Items listed in a dataset:

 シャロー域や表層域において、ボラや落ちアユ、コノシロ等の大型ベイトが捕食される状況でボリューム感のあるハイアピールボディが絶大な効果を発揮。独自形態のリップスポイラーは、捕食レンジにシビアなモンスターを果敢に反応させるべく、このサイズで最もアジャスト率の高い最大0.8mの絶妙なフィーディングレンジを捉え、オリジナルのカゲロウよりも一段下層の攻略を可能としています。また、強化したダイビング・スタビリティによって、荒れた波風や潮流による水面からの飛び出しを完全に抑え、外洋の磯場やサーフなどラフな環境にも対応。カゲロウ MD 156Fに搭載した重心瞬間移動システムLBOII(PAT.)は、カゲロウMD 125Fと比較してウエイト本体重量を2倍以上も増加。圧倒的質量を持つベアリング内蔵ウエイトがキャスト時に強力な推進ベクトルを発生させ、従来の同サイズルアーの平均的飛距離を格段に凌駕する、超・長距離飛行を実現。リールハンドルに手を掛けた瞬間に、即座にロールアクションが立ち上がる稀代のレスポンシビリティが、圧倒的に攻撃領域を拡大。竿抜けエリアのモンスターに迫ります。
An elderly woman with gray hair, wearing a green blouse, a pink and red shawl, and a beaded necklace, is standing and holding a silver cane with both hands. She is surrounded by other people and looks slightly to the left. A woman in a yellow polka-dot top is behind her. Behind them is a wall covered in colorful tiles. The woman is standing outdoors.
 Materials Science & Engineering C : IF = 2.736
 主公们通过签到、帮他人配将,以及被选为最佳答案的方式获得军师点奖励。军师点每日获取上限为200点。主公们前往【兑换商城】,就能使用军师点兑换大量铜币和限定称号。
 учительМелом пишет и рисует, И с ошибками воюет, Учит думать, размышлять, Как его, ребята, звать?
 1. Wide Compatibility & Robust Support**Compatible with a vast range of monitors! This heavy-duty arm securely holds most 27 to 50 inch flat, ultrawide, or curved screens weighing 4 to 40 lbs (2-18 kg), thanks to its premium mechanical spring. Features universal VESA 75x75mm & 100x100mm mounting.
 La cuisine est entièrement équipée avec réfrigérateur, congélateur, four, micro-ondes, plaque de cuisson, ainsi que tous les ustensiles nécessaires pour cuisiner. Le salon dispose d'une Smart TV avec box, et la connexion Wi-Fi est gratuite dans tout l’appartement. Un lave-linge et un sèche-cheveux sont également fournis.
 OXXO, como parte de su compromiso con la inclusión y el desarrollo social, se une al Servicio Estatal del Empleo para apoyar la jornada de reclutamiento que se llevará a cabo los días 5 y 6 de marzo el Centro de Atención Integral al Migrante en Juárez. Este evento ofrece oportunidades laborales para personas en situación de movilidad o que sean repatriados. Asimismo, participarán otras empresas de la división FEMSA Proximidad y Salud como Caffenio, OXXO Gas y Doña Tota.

**Aim of the exercise:** Could you transcribe the records in full, exactly?

**Written response:**
 シャロー域や表層域において、ボラや落ちアユ、コノシロ等の大型ベイトが捕食される状況でボリューム感のあるハイアピールボディが絶大な効果を発揮。独自形態のリップスポイラーは、捕食レンジにシビアなモンスターを果敢に反応させるべく、このサイズで最もアジャスト率の高い最大0.8mの絶妙なフィーディングレンジを捉え、オリジナルのカゲロウよりも一段下層の攻略を可能としています。また、強化したダイビング・スタビリティによって、荒れた波風や潮流による水面からの飛び出しを完全に抑え、外洋の磯場やサーフなどラフな環境にも対応。カゲロウ MD 156Fに搭載した重心瞬間移動システムLBOII(PAT.)は、カゲロウMD 125Fと比較してウエイト本体重量を2倍以上も増加。圧倒的質量を持つベアリング内蔵ウエイトがキャスト時に強力な推進ベクトルを発生させ、従来の同サイズルアーの平均的飛距離を格段に凌駕する、超・長距離飛行を実現。リールハンドルに手を掛けた瞬間に、即座にロールアクションが立ち上がる稀代のレスポンシビリティが、圧倒的に攻撃領域を拡大。竿抜けエリアのモンスターに迫ります。
An elderly woman with gray hair, wearing a green blouse, a pink and red shawl, and a beaded necklace, is standing and holding a silver cane with both hands. She is surrounded by other people and looks slightly to the left. A woman in a yellow polka-dot top is behind her. Behind them is a wall covered in colorful tiles. The woman is standing outdoors.
 Materials Science & Engineering C : IF = 2.736
 主公们通过签到、帮他人配将,以及被选为最佳答案的方式获得军师点奖励。军师点每日获取上限为200点。主公们前往【兑换商城】,就能使用军师点兑换大量铜币和限定称号。
 учительМелом пишет и рисует, И с ошибками воюет, Учит думать, размышлять, Как его, ребята, звать?
 1. Wide Compatibility & Robust Support**Compatible with a vast range of monitors! This heavy-duty arm securely holds most 27 to 50 inch flat, ultrawide, or curved screens weighing 4 to 40 lbs (2-18 kg), thanks to its premium mechanical spring. Features universal VESA 75x75mm & 100x100mm mounting.
 La cuisine est entièrement équipée avec réfrigérateur, congélateur, four, micro-ondes, plaque de cuisson, ainsi que tous les ustensiles nécessaires pour cuisiner. Le salon dispose d'une Smart TV avec box, et la connexion Wi-Fi est gratuite dans tout l’appartement. Un lave-linge et un sèche-cheveux sont également fournis.
 OXXO, como parte de su compromiso con la inclusión y el desarrollo social, se une al Servicio Estatal del Empleo para apoyar la jornada de reclutamiento que se llevará a cabo los días 5 y 6 de marzo el Centro de Atención Integral al Migrante en Juárez. Este evento ofrece oportunidades laborales para personas en situación de movilidad o que sean repatriados. Asimismo, participarán otras empresas de la división FEMSA Proximidad y Salud como Caffenio, OXXO Gas y Doña Tota.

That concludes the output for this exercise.